§ EXERCISE GOAL
Lines from the one with "Pembe bir bavulun" up to and including the one with "Machette avec lame" are to be copied exactly from the records below, without their pictures.

§ GIVEN ENTRIES
•••••
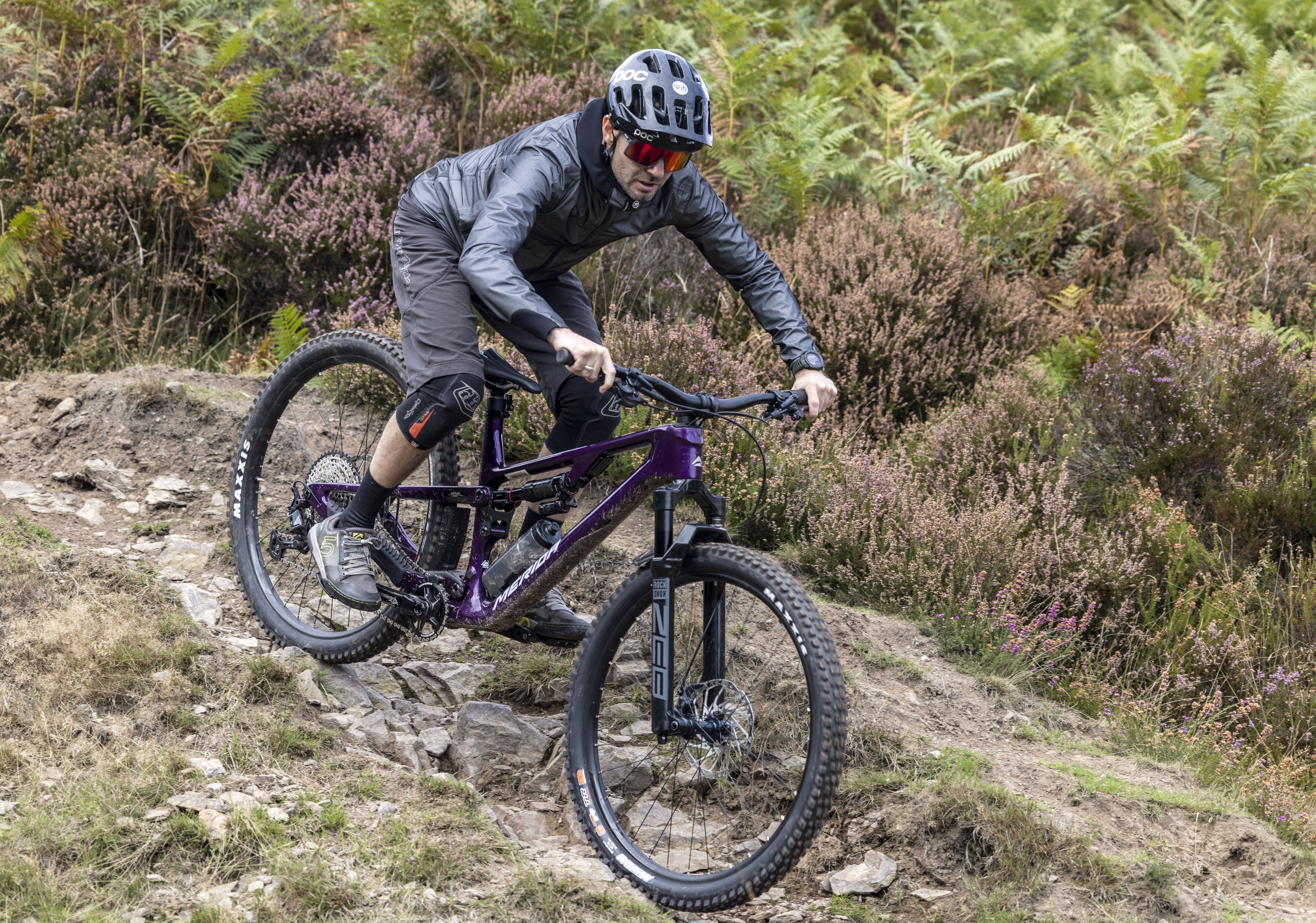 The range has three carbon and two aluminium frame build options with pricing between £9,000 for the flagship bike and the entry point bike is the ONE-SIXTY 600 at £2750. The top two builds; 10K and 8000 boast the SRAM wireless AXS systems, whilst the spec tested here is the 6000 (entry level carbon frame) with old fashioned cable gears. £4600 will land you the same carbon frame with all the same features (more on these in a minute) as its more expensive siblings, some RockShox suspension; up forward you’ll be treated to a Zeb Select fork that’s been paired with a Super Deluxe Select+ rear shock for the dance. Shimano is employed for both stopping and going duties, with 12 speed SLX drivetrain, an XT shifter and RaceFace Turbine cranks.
•••••
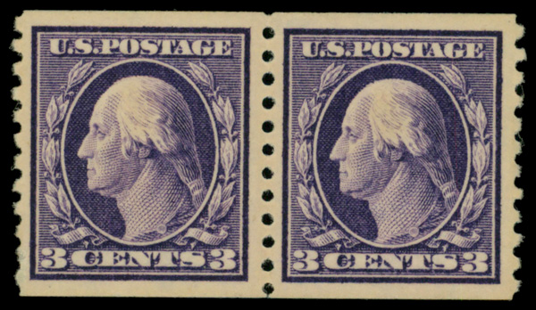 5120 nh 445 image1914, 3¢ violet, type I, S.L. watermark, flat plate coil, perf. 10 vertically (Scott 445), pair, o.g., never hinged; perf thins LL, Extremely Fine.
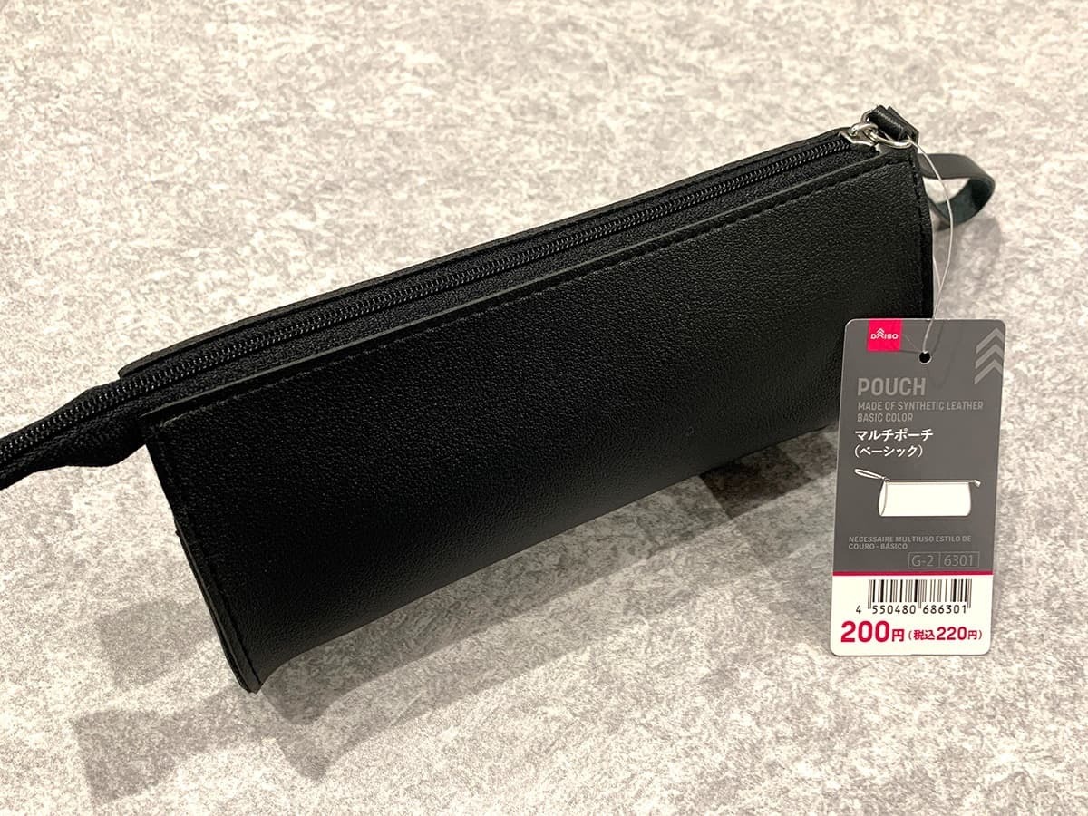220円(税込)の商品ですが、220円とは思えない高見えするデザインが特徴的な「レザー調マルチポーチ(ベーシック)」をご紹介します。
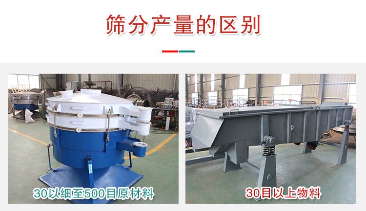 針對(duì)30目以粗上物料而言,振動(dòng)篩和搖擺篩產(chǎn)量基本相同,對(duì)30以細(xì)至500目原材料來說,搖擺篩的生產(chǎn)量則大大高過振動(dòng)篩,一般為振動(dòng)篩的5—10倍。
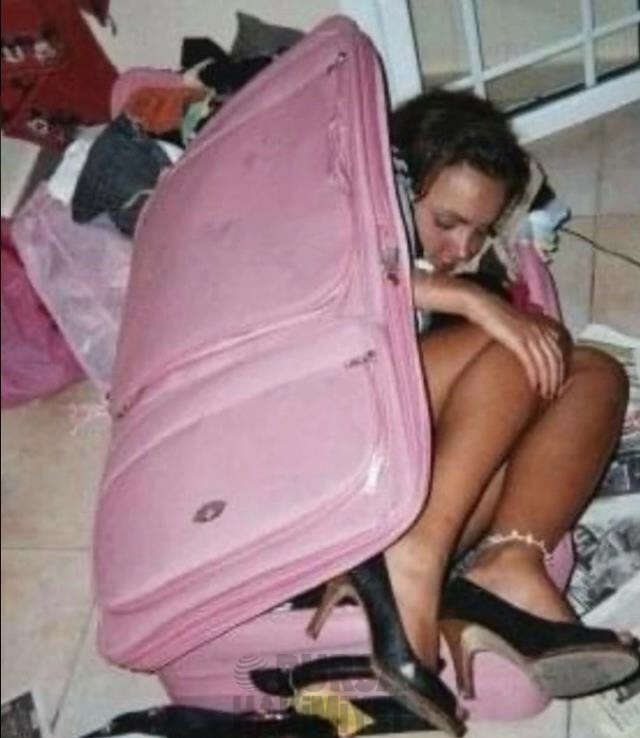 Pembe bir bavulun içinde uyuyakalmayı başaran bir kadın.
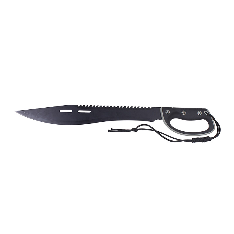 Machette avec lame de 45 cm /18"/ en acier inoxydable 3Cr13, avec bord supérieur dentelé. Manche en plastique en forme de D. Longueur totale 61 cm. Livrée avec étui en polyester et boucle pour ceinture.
•••••
§ THE ANSWER
 Pembe bir bavulun içinde uyuyakalmayı başaran bir kadın.
 Machette avec lame de 45 cm /18"/ en acier inoxydable 3Cr13, avec bord supérieur dentelé. Manche en plastique en forme de D. Longueur totale 61 cm. Livrée avec étui en polyester et boucle pour ceinture.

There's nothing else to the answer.